Please write out the full listing beneath this line exactly, skipping its images.

● **GIVEN DATA**
· · ·
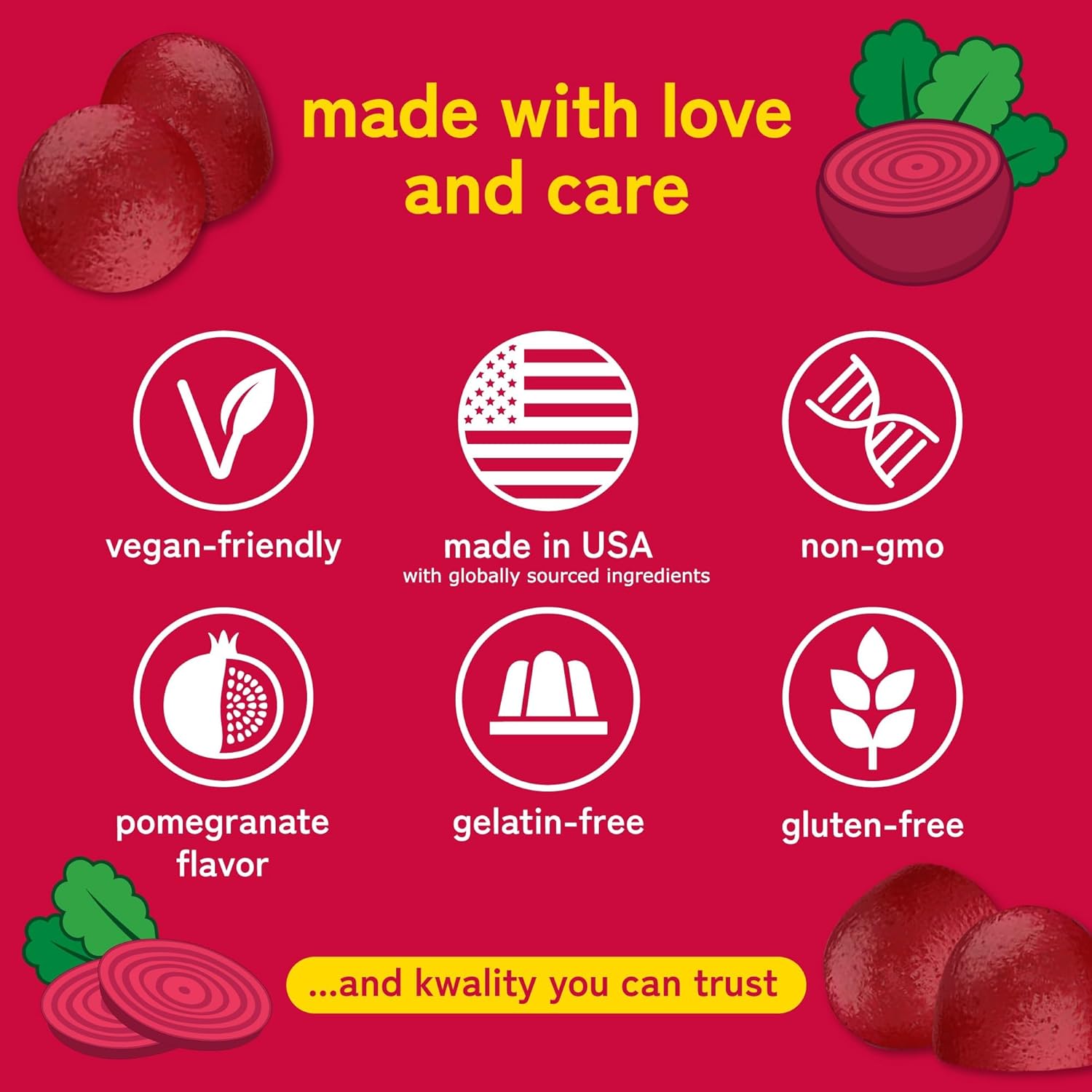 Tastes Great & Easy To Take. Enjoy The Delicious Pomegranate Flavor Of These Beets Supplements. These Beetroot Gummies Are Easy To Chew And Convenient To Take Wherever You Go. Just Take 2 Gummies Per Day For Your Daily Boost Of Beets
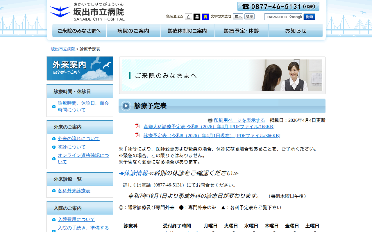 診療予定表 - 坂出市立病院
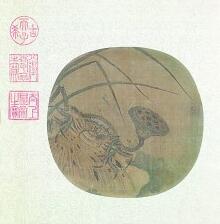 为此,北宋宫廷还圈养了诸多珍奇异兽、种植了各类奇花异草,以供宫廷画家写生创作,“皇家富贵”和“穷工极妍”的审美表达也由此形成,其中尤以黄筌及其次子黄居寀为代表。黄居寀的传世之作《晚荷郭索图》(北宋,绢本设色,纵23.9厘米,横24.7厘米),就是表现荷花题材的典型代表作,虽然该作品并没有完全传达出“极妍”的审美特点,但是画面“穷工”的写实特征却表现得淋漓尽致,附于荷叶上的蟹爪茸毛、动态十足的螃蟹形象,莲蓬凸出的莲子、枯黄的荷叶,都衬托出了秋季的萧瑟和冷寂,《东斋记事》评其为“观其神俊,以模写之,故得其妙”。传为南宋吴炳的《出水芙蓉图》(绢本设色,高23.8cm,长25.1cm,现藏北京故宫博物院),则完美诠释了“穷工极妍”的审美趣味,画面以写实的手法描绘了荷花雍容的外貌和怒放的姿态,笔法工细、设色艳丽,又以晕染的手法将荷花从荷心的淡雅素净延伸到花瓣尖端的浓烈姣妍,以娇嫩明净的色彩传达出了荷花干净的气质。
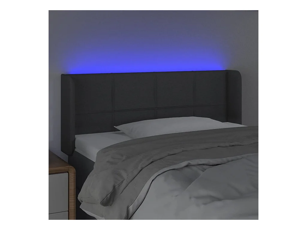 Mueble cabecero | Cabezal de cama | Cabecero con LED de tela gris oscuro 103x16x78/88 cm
· · ·
● **EXPECTED OUTPUT**
 Tastes Great & Easy To Take. Enjoy The Delicious Pomegranate Flavor Of These Beets Supplements. These Beetroot Gummies Are Easy To Chew And Convenient To Take Wherever You Go. Just Take 2 Gummies Per Day For Your Daily Boost Of Beets
 診療予定表 - 坂出市立病院
 为此,北宋宫廷还圈养了诸多珍奇异兽、种植了各类奇花异草,以供宫廷画家写生创作,“皇家富贵”和“穷工极妍”的审美表达也由此形成,其中尤以黄筌及其次子黄居寀为代表。黄居寀的传世之作《晚荷郭索图》(北宋,绢本设色,纵23.9厘米,横24.7厘米),就是表现荷花题材的典型代表作,虽然该作品并没有完全传达出“极妍”的审美特点,但是画面“穷工”的写实特征却表现得淋漓尽致,附于荷叶上的蟹爪茸毛、动态十足的螃蟹形象,莲蓬凸出的莲子、枯黄的荷叶,都衬托出了秋季的萧瑟和冷寂,《东斋记事》评其为“观其神俊,以模写之,故得其妙”。传为南宋吴炳的《出水芙蓉图》(绢本设色,高23.8cm,长25.1cm,现藏北京故宫博物院),则完美诠释了“穷工极妍”的审美趣味,画面以写实的手法描绘了荷花雍容的外貌和怒放的姿态,笔法工细、设色艳丽,又以晕染的手法将荷花从荷心的淡雅素净延伸到花瓣尖端的浓烈姣妍,以娇嫩明净的色彩传达出了荷花干净的气质。
 Mueble cabecero | Cabezal de cama | Cabecero con LED de tela gris oscuro 103x16x78/88 cm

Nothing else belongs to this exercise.